Dick cranked up the heat a few more notches and pushed the car just a couple miles per hour faster, feeling a desperate urge to get them back to the safety of the Cave before any more dark and stormy misfortunes could prey upon them. He tapped the steering wheel thoughtfully for a few moments, then began laying out his plan of attack for when Bruce returned.
He and Bruce would have to have a talk. They needed backup comms, redundant trackers, multi-point relay stations, and, most importantly, two or more emergency beacons on each of them. That was just a start. They would need to discuss further measures to ensure that help would never be out of range for any Bat. For a man whose paranoia was legendary, one who had already lost so much, you would have thought that these precautions would already be in place, but when it came to Bruce...
Dick frowned.

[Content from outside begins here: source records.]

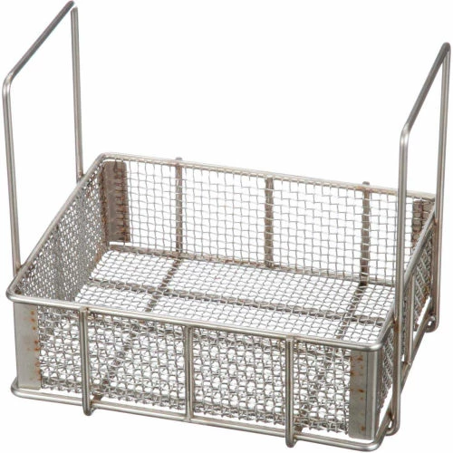 Material handling basket with handles and mesh that is four openings per linear inch. Rectangular Basket. Robust USA Made Quality. Ideal for washing parts, parts degreasing, ultrasonic cleaning, curing, and materials handling in a variety of applications such as chemical bath, heat treating, and cryogenics. The baskets have handles for easy gripping. Each basket stacks so that parts do not get crushed inside the basket. 100% USA made.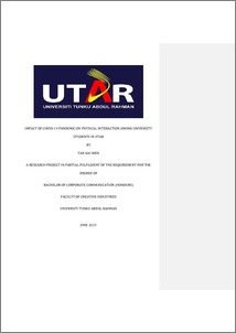 Tan, Kai Wen (2023) Impact of covid-19 pandemic on physical interaction among university students in UTAR. Final Year Project, UTAR.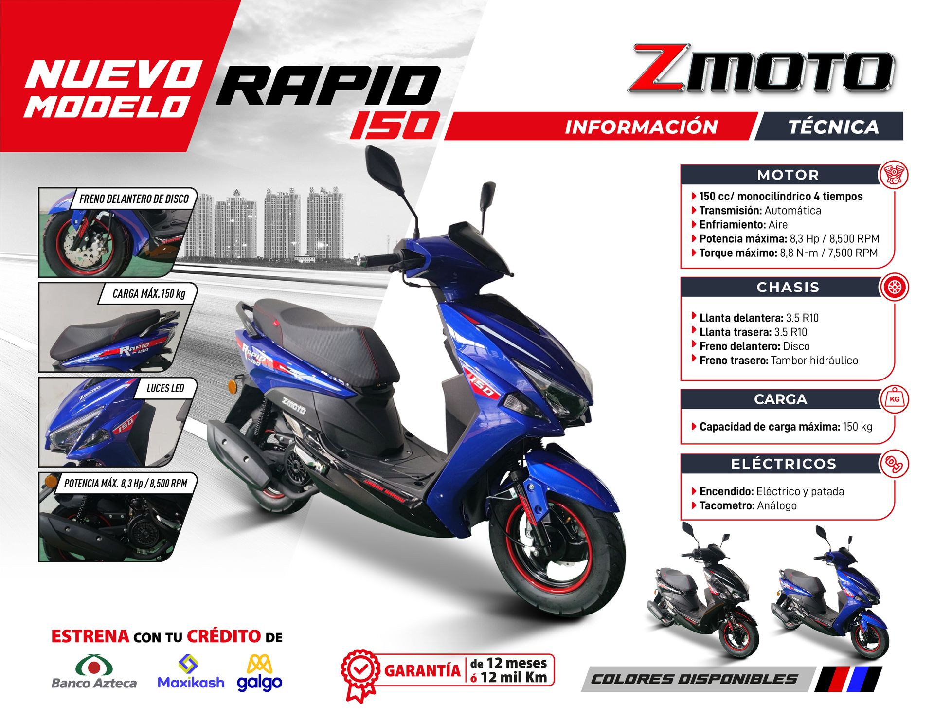Descubre la motoneta perfecta que te llevará a tu destino con eficiencia y estilo. La Rapid 150 cuenta con un potente motor de gasolina de 150 cc y transmisión automática, ofreciéndote una potencia máxima de 8,3 Hp a 8,500 RPM. Con su diseño mejorado, esta motoneta te garantiza llegar a donde necesitas con comodidad y confianza. ¡No te arrepentirás de elegir la Rapid 150 como tu compañera de viaje!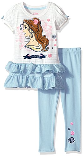 Toddler girls 2 piece legging set with short sleeve ruffle hem top and matching leggings with beauty and the beast's belleFeature

Bruce would bristle at these suggestions and they would argue, no doubt, but after tonight, after so many close calls--after Jason--considering everything they could stand to lose for something as small as a broken comm or inadequate emergency beacons, Dick could not afford not to convince Bruce to see reason. He glanced over at Tim once more and his expression hardened. Yes, Dick thought grimly, one way or another, he would get Batman to see sense. Hell or high water. That was, after all, a Robin’s job.